# [GOAL OF THE EXERCISE]
All lines from the opening of the material up to and including the line with "7. Allathee ahsana" should be transcribed exactly, pictures excepted.

# [DATA PROVIDED]
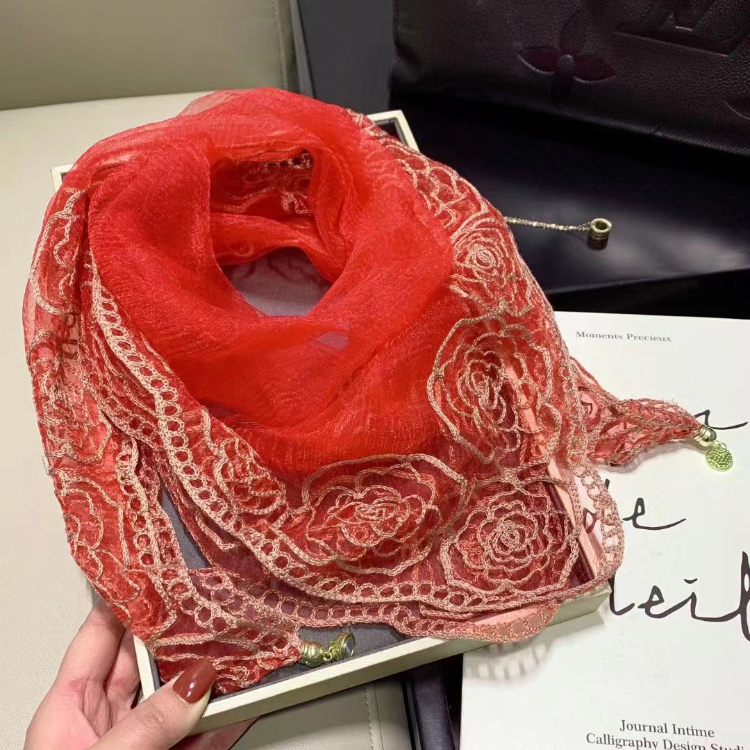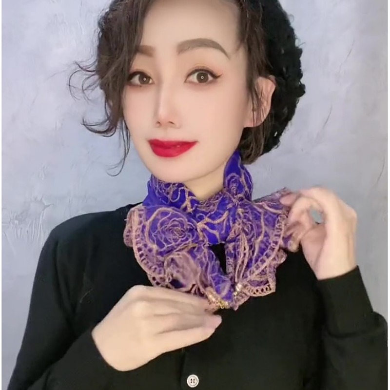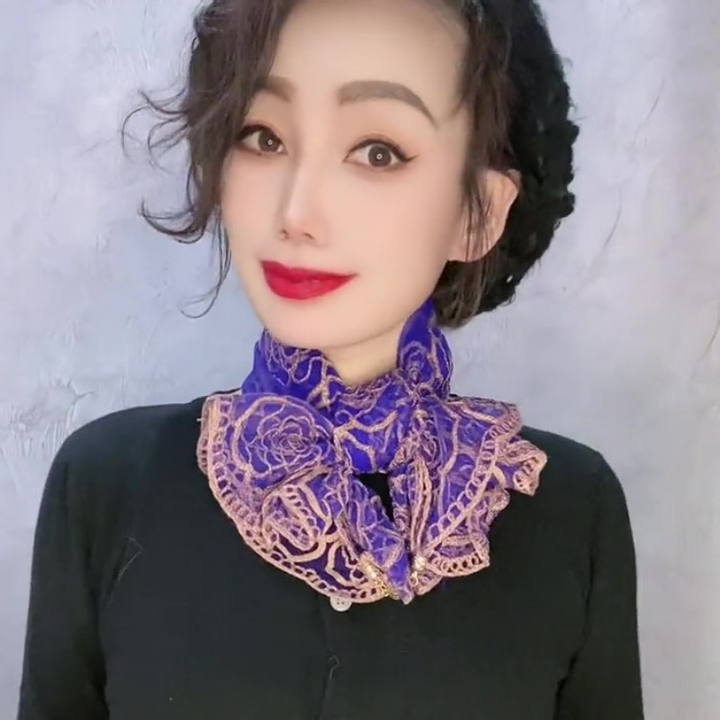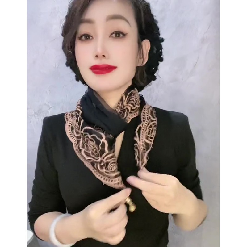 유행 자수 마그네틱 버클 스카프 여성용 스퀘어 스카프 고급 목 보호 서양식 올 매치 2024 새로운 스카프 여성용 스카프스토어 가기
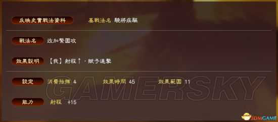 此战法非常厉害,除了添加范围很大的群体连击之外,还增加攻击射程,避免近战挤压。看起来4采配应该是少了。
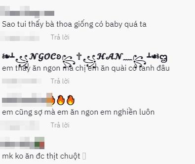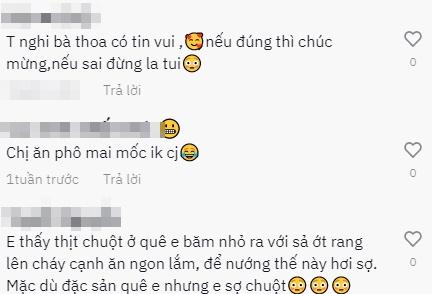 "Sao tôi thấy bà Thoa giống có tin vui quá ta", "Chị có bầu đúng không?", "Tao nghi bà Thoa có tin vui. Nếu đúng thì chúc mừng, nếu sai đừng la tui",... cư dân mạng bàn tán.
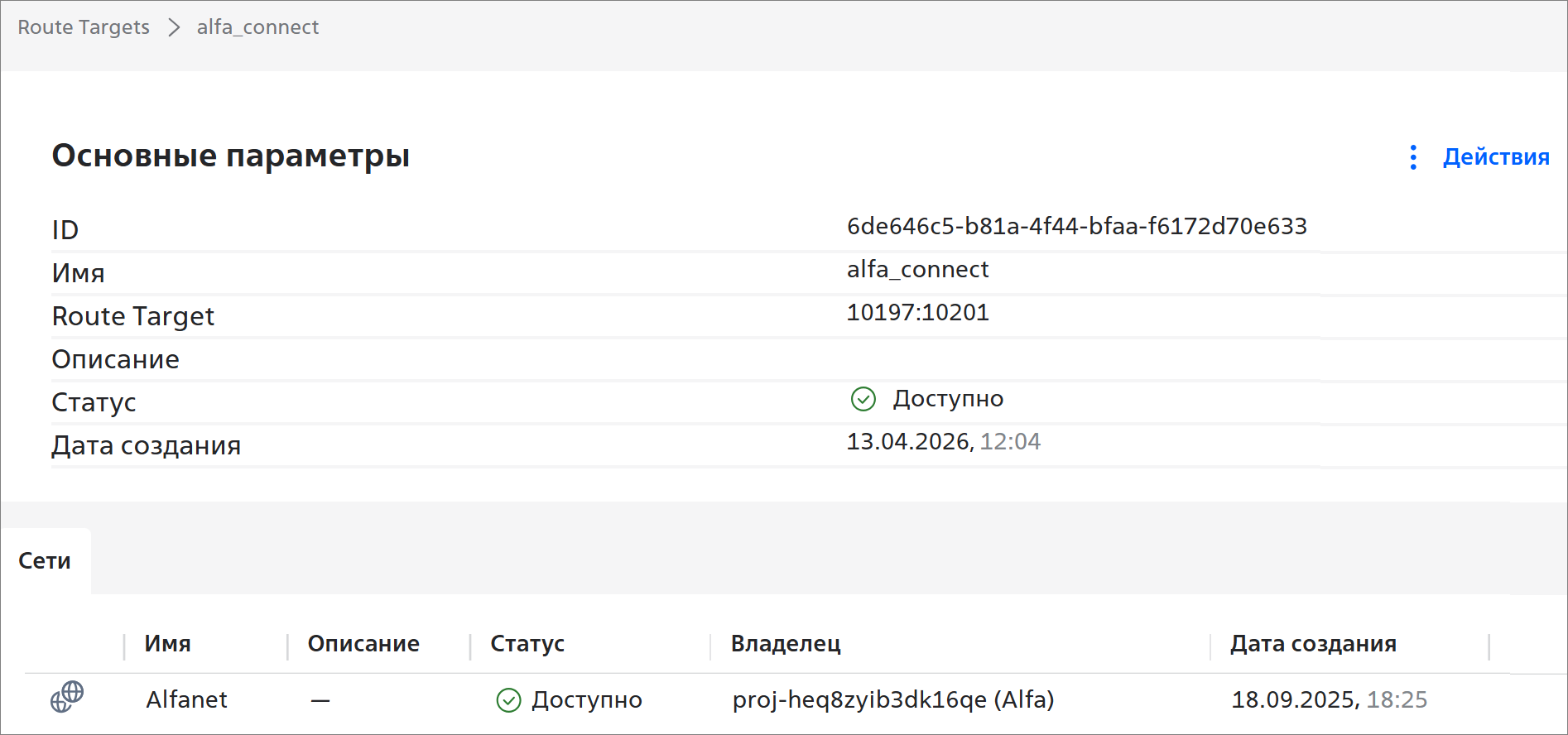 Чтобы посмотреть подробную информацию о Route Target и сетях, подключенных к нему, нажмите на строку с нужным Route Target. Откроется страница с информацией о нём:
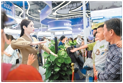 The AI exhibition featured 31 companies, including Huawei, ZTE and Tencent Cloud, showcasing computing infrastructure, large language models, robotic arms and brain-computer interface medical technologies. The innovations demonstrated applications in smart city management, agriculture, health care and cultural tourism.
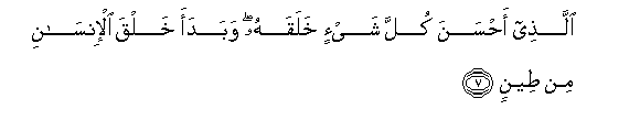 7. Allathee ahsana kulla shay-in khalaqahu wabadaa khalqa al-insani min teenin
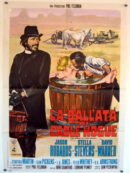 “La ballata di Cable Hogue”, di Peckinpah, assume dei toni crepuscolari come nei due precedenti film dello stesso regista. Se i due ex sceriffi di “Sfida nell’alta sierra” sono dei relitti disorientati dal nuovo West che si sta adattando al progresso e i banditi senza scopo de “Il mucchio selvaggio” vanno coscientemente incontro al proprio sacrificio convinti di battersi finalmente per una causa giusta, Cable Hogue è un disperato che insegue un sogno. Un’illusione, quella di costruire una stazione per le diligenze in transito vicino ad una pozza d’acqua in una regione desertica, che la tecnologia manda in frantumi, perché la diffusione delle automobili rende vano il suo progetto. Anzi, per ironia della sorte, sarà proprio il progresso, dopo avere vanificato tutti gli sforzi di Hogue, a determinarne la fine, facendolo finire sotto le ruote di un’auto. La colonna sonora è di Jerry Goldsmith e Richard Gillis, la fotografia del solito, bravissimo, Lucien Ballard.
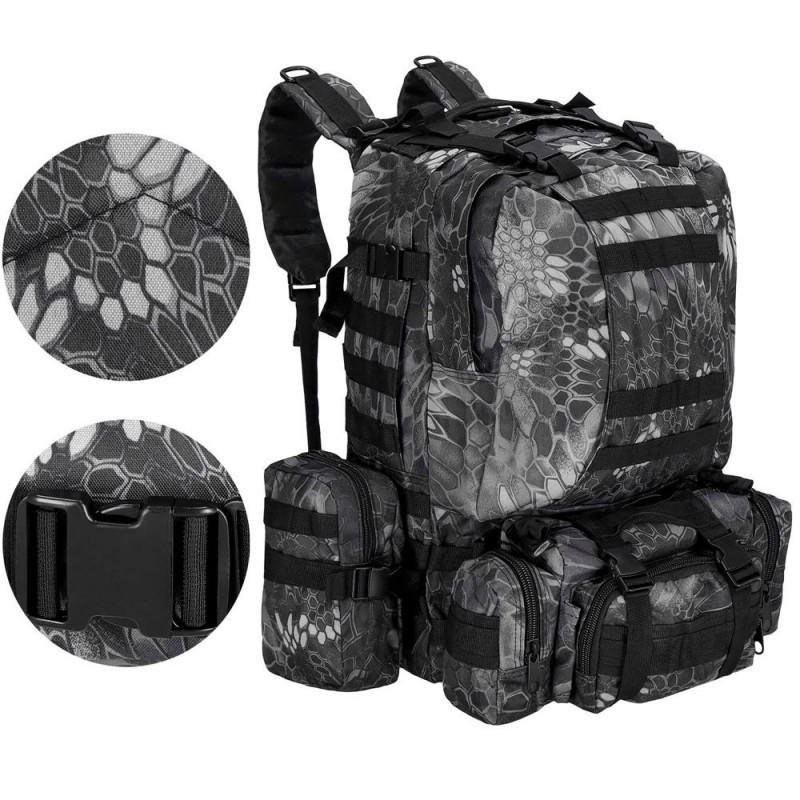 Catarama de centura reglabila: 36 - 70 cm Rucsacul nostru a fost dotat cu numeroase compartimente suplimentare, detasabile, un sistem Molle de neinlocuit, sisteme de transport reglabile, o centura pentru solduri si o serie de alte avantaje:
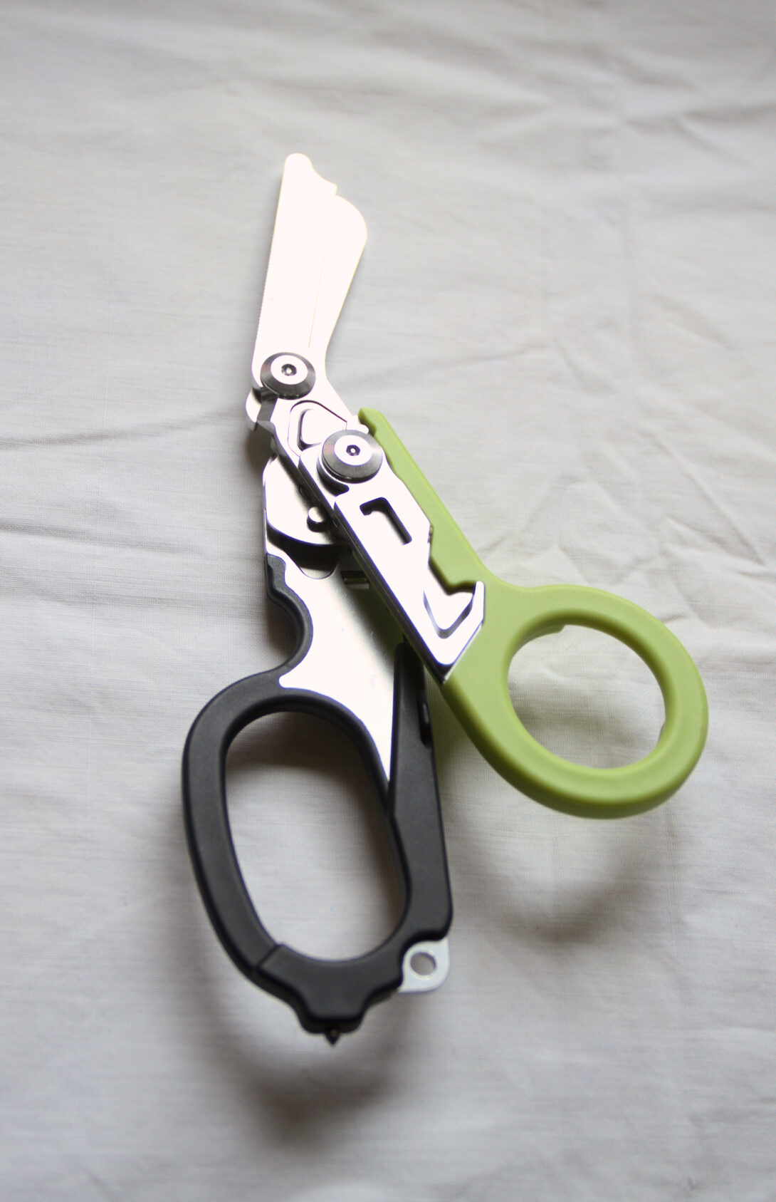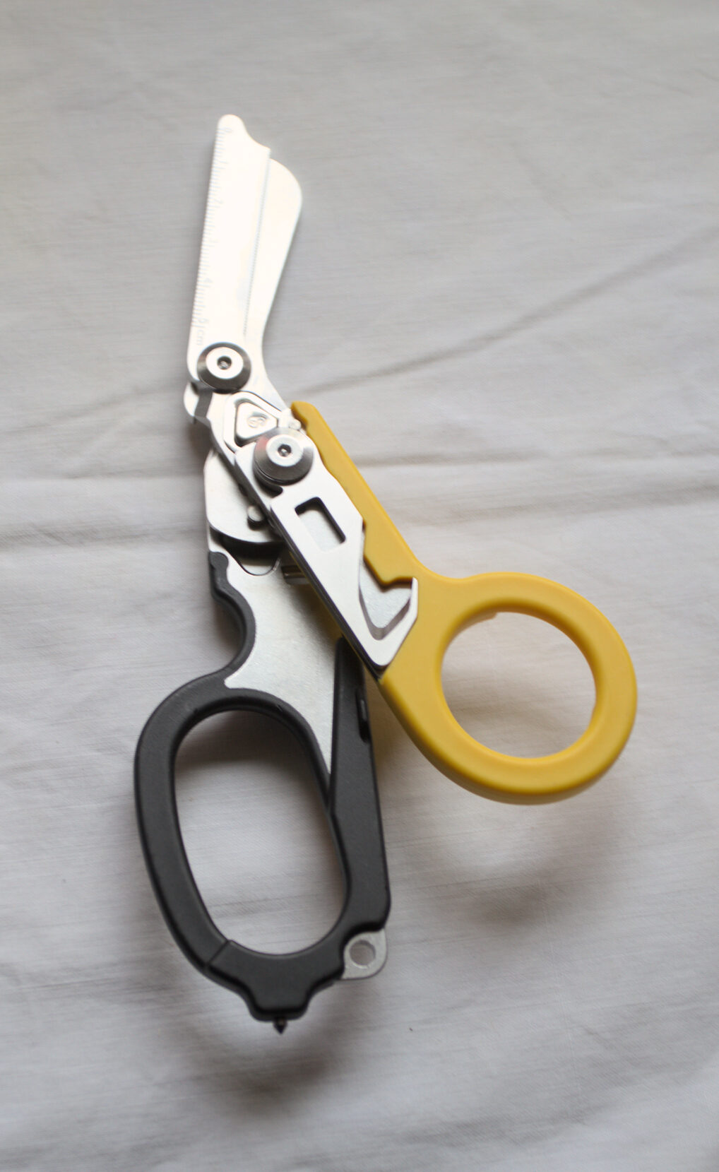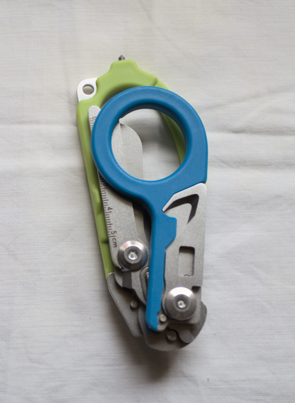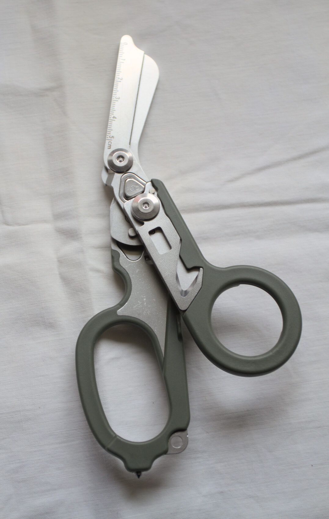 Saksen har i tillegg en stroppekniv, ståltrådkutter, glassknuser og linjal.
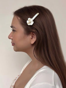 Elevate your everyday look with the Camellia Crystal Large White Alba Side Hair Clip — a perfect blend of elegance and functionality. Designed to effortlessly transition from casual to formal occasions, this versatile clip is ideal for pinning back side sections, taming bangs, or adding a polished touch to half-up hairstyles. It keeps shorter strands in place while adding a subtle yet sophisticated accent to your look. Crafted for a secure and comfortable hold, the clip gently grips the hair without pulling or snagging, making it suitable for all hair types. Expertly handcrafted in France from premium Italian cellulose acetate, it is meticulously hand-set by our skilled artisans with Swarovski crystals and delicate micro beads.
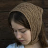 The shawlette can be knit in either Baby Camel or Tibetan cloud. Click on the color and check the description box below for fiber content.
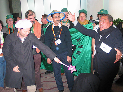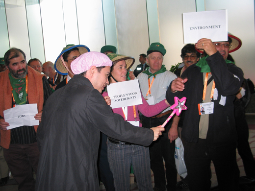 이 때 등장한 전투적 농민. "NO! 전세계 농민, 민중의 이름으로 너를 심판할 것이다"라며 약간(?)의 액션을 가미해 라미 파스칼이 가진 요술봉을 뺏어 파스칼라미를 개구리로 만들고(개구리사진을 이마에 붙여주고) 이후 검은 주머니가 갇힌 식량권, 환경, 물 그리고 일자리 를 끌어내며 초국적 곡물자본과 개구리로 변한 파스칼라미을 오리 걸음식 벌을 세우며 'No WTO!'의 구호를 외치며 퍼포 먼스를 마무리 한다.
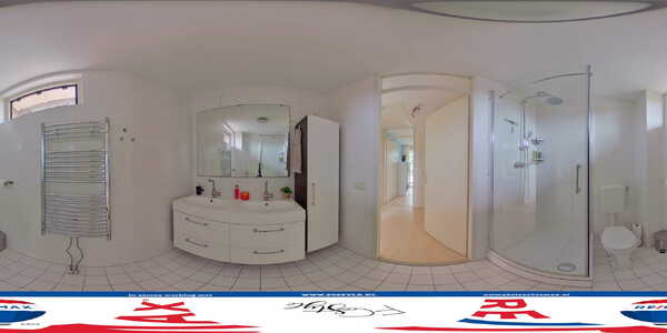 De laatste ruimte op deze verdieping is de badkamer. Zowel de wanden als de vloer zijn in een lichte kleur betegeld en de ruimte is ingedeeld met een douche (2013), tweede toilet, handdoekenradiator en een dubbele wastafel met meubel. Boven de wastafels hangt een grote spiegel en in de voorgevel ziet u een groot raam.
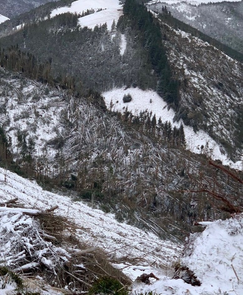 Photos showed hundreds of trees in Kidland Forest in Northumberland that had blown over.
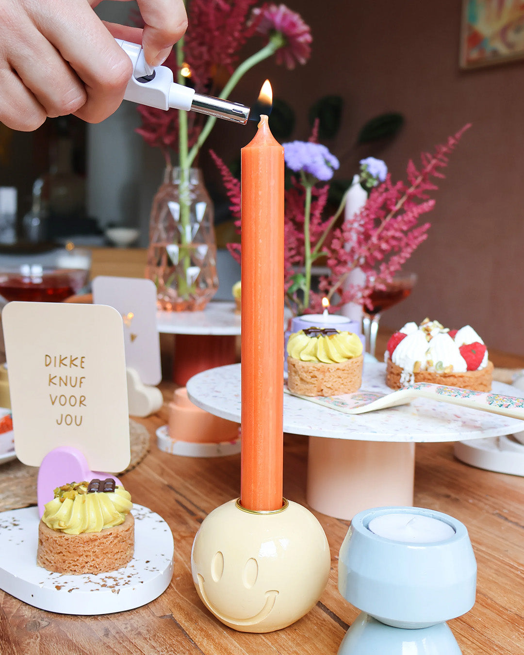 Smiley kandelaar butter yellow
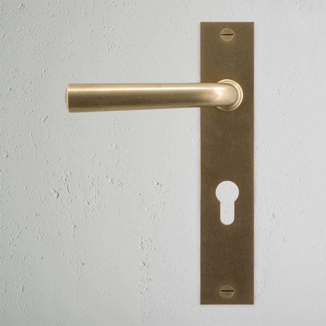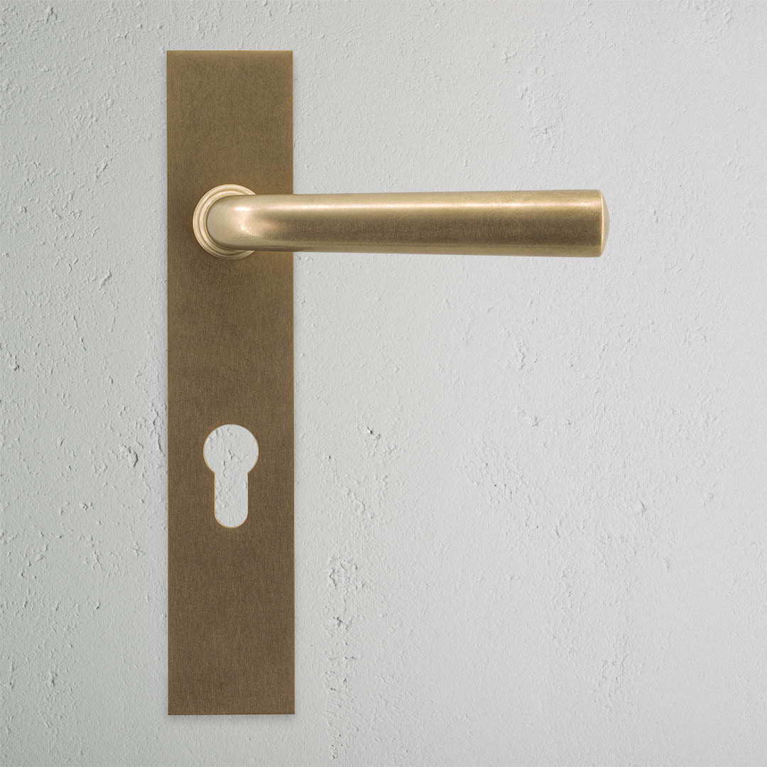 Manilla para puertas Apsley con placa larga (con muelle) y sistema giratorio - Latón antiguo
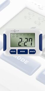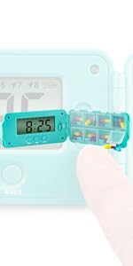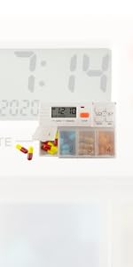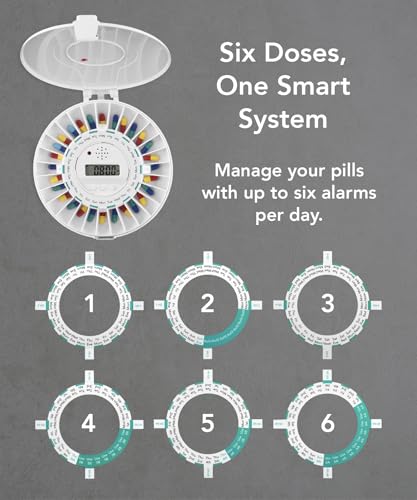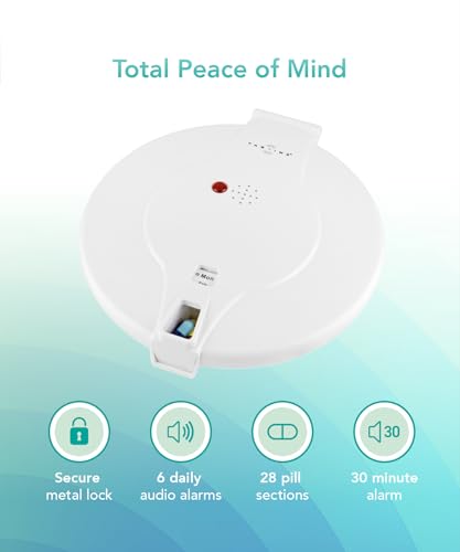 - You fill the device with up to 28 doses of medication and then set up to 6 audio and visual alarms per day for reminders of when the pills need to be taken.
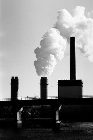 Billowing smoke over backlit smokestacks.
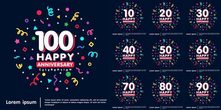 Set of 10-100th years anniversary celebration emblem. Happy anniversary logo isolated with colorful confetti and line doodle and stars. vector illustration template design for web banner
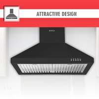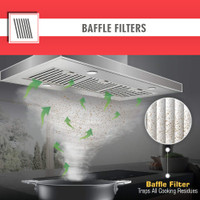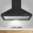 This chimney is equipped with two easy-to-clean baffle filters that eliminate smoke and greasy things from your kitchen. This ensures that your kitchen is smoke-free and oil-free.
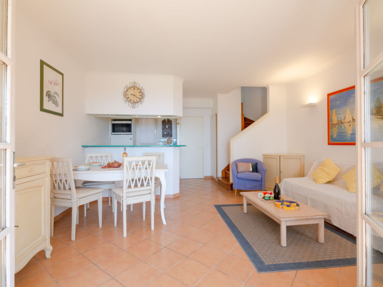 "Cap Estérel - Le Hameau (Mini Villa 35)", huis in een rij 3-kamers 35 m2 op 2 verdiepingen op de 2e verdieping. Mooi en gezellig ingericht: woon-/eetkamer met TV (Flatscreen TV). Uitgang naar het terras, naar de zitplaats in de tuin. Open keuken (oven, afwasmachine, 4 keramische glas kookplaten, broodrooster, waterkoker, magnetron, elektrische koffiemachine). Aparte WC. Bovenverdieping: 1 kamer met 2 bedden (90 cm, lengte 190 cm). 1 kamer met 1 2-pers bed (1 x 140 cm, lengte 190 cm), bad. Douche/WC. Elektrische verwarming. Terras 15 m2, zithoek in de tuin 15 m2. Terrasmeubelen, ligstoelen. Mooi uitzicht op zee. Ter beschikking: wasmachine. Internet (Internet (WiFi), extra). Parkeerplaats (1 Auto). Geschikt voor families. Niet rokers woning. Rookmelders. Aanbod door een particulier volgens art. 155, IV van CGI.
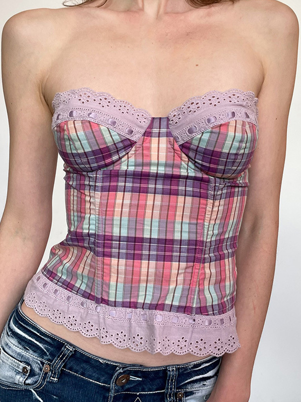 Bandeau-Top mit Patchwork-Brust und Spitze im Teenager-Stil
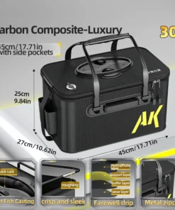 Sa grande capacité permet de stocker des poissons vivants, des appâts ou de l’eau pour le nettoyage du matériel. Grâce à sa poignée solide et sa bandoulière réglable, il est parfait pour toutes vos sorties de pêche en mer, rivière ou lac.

# [PROBLEM SOLUTION]
 유행 자수 마그네틱 버클 스카프 여성용 스퀘어 스카프 고급 목 보호 서양식 올 매치 2024 새로운 스카프 여성용 스카프스토어 가기
 此战法非常厉害,除了添加范围很大的群体连击之外,还增加攻击射程,避免近战挤压。看起来4采配应该是少了。
 "Sao tôi thấy bà Thoa giống có tin vui quá ta", "Chị có bầu đúng không?", "Tao nghi bà Thoa có tin vui. Nếu đúng thì chúc mừng, nếu sai đừng la tui",... cư dân mạng bàn tán.
 Чтобы посмотреть подробную информацию о Route Target и сетях, подключенных к нему, нажмите на строку с нужным Route Target. Откроется страница с информацией о нём:
 The AI exhibition featured 31 companies, including Huawei, ZTE and Tencent Cloud, showcasing computing infrastructure, large language models, robotic arms and brain-computer interface medical technologies. The innovations demonstrated applications in smart city management, agriculture, health care and cultural tourism.
 7. Allathee ahsana kulla shay-in khalaqahu wabadaa khalqa al-insani min teenin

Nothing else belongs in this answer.